The Horex VR6 Roadster is, at its core, a teutonic bruiser that has no peers in the market. Sure there are big naked muscle bikes available from other brands but none offer the technical prowess of an ultra-compact and powerful six-cylinder powerplant. Nor do they offer the cachet and hand-assembled quality of the Horex. While the initial specs might have seemed improbable, the VR6 is here and is in showrooms more or less as-promised, a testament to the determination and skill of the company’s team in bringing such an advanced and unusual design to production in a relatively short period of time. Many brands have failed while offering far less exotic products, but Horex has weathered the initial doubts to produce one of the most interesting production machines to come out of Germany in a long time. 


Not only that, the VR6 adds another machine to the pantheon of legendary six-cylinder motorcycles, a rarified breed of exercises in engineering excess. Had Horex gone the conservative route and built a traditional four-cylinder roadster of similar specs, we wouldn’t be talking about it today, and you likely wouldn’t be drooling over it right now. If you want to get an inordinate amount of attention in the world of motorcycling, you must build a six. 
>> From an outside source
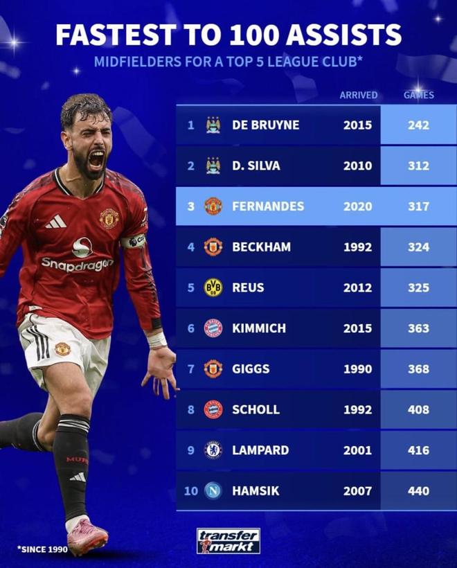 3月1日,曼聯(lián)在英超主場(chǎng)2比1逆轉(zhuǎn)水晶宮,費(fèi)爾南德斯先是點(diǎn)球扳平,隨后又送出任意球助攻,直接參與了球隊(duì)的兩粒進(jìn)球。這場(chǎng)比賽打完,他也正式把自己在曼聯(lián)的助攻數(shù)刷到了100次,而且只用了317場(chǎng)。最新這場(chǎng)球剛把他的組織價(jià)值又頂出來(lái),轉(zhuǎn)頭再看這份“五大聯(lián)賽俱樂(lè)部中場(chǎng)最快100助攻榜”,第三的位置就更有看頭了:前面是德布勞內(nèi)和席爾瓦,后面跟著貝克漢姆、羅伊斯、基米希這些名字,B費(fèi)能擠進(jìn)這一檔,已經(jīng)不只是數(shù)據(jù)好看那么簡(jiǎn)單。
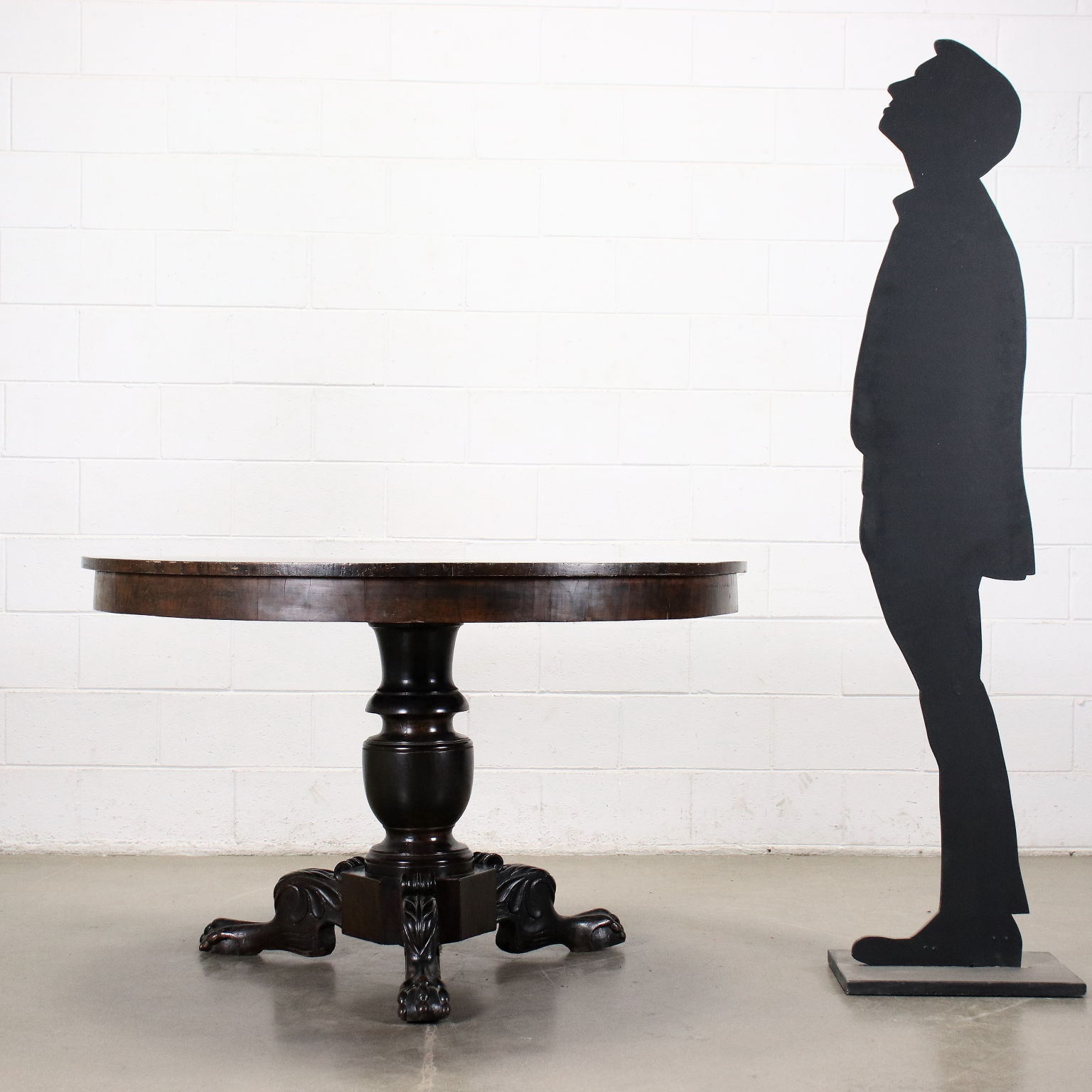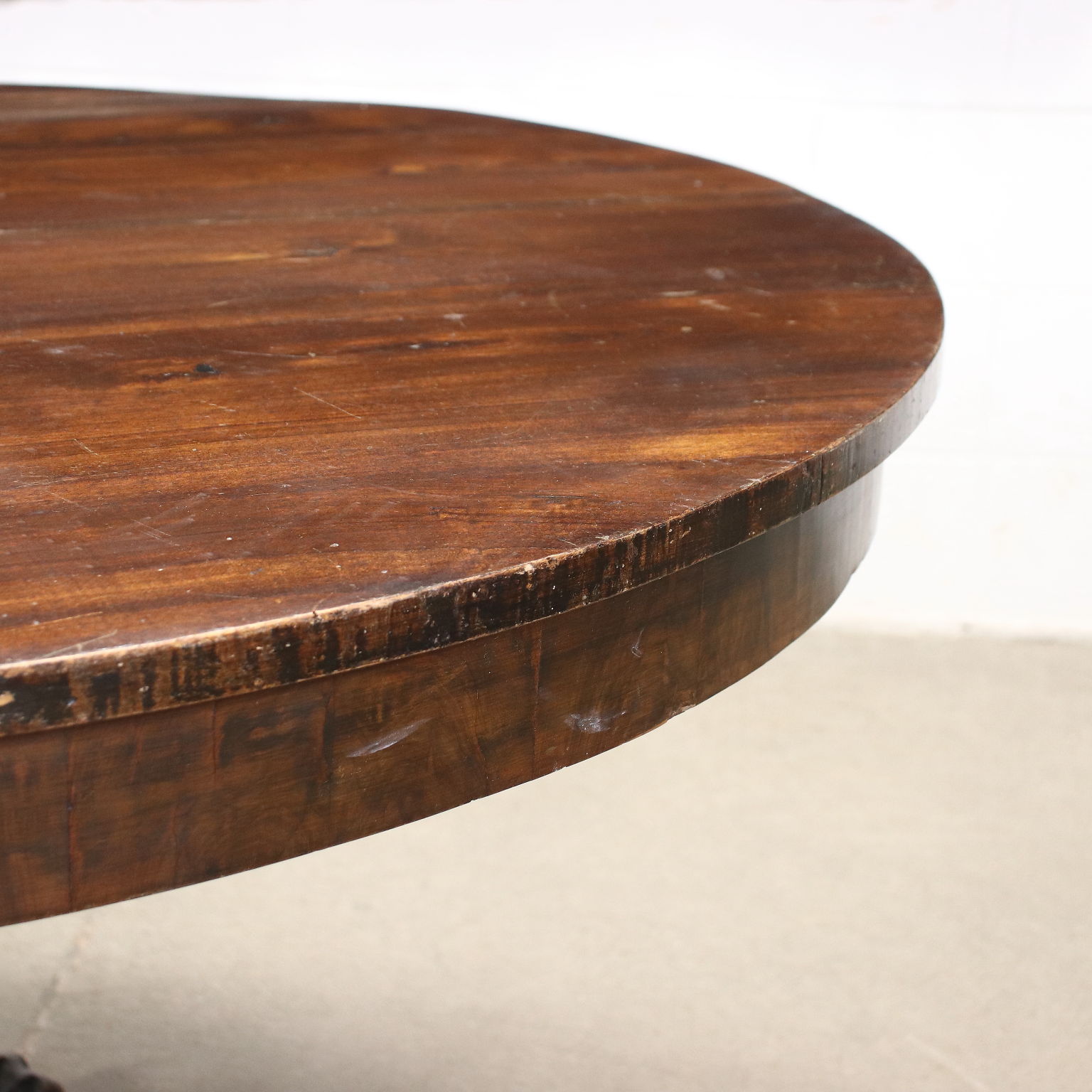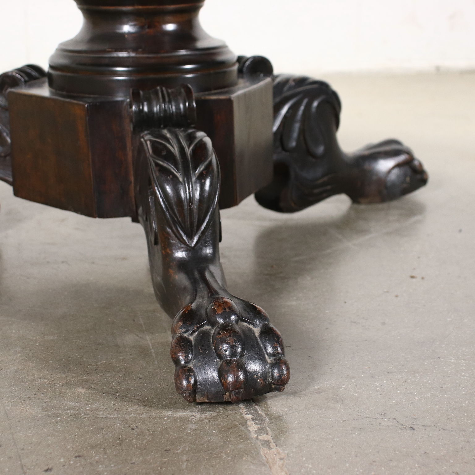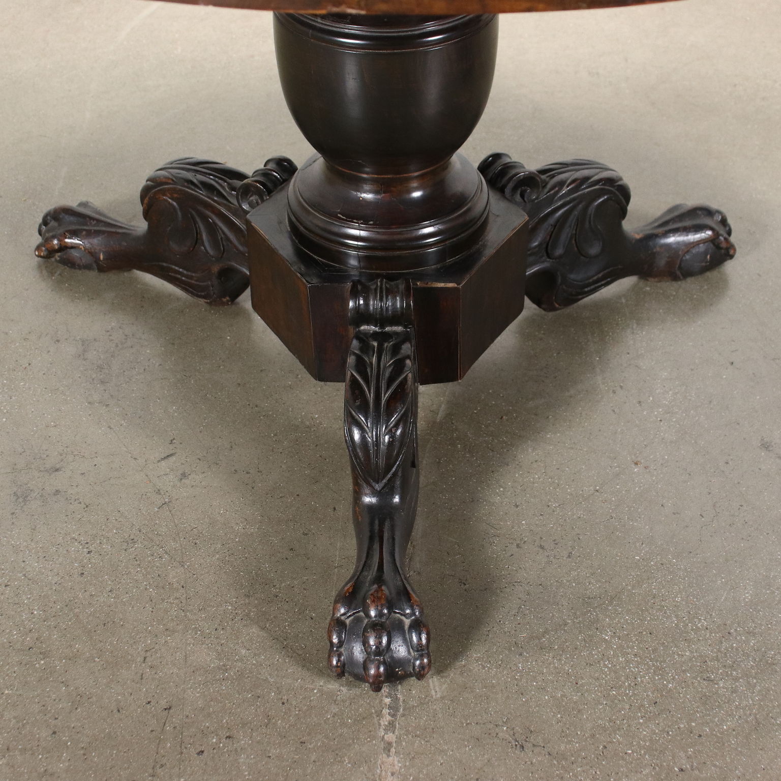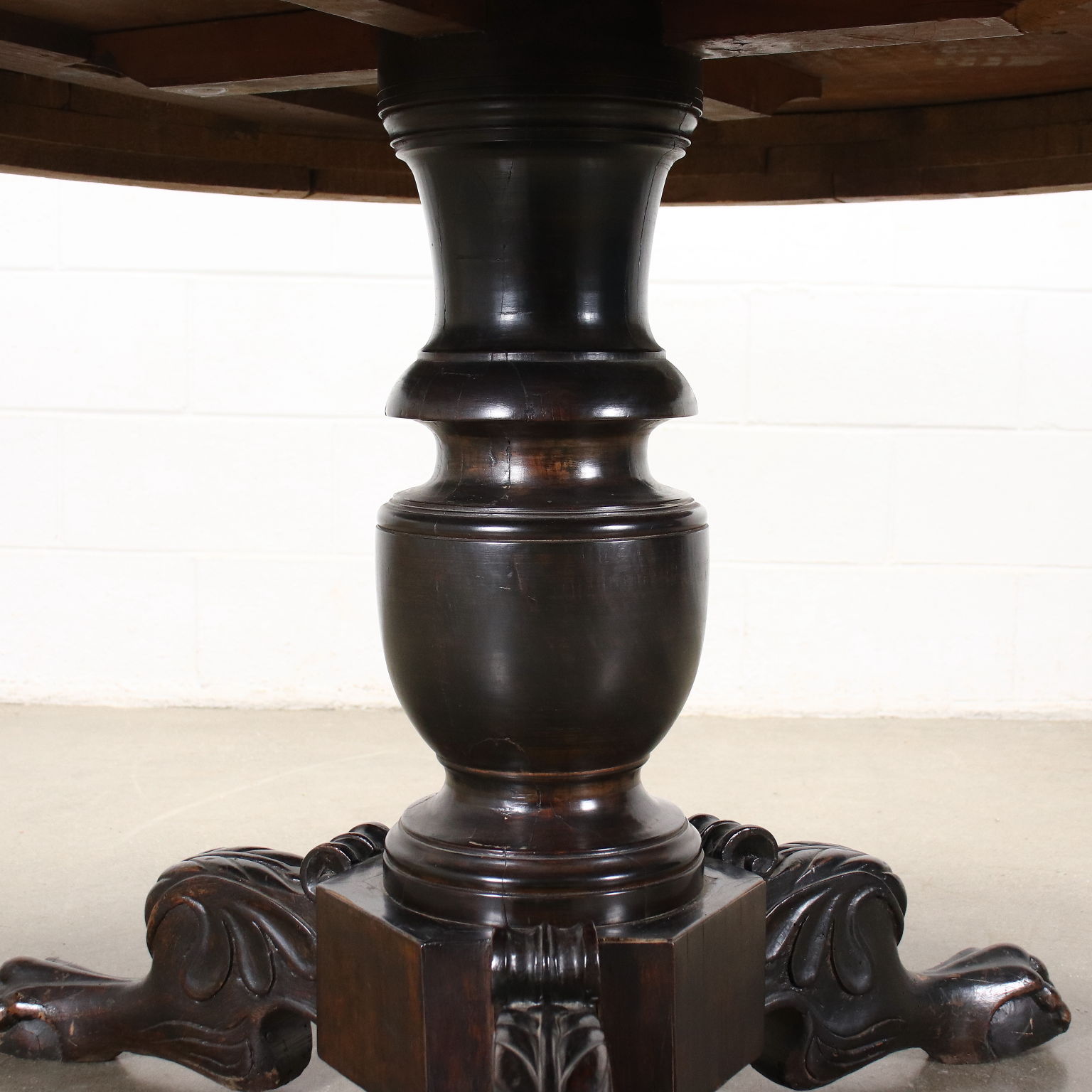 Tisch aus der Mitte des 19. Jahrhunderts, getragen von einem zentralen gedrechselten Baluster, der auf wellenförmig geschnitzten Beinen ruht und mit "Klauen- und Kugel"-Füßen endet. In Kirsche, Oberseite in Walnuss.

Piston engine layouts typically fall into three categories: inline, vee, and flat/boxer. The one setup you won’t find very often is the narrow-angle vee (or staggered cylinder) layout. Lancia was a pioneer of the format, introducing the 13-degree “Lambda” V-4 in 1922, and produced a series of narrow-angle designs up until the 1970s. A typical vee will have anything between 45 (Harley-Davidson V-twin) and 90 degree (Ducati L-twin). A narrow-angle vee (below 45 degrees) is so compact that both “banks” of cylinders can share the same block with a common cylinder head, making for a much more compact and lightweight package. You essentially combine the qualities of an inline engine with those of a vee – the block is as short as a vee, scarcely wider than an inline across the head, and shares the balance properties of an inline design. You get more cylinders into a much more compact package, with less complexity than a typical vee by combining the heads and block into a single unit.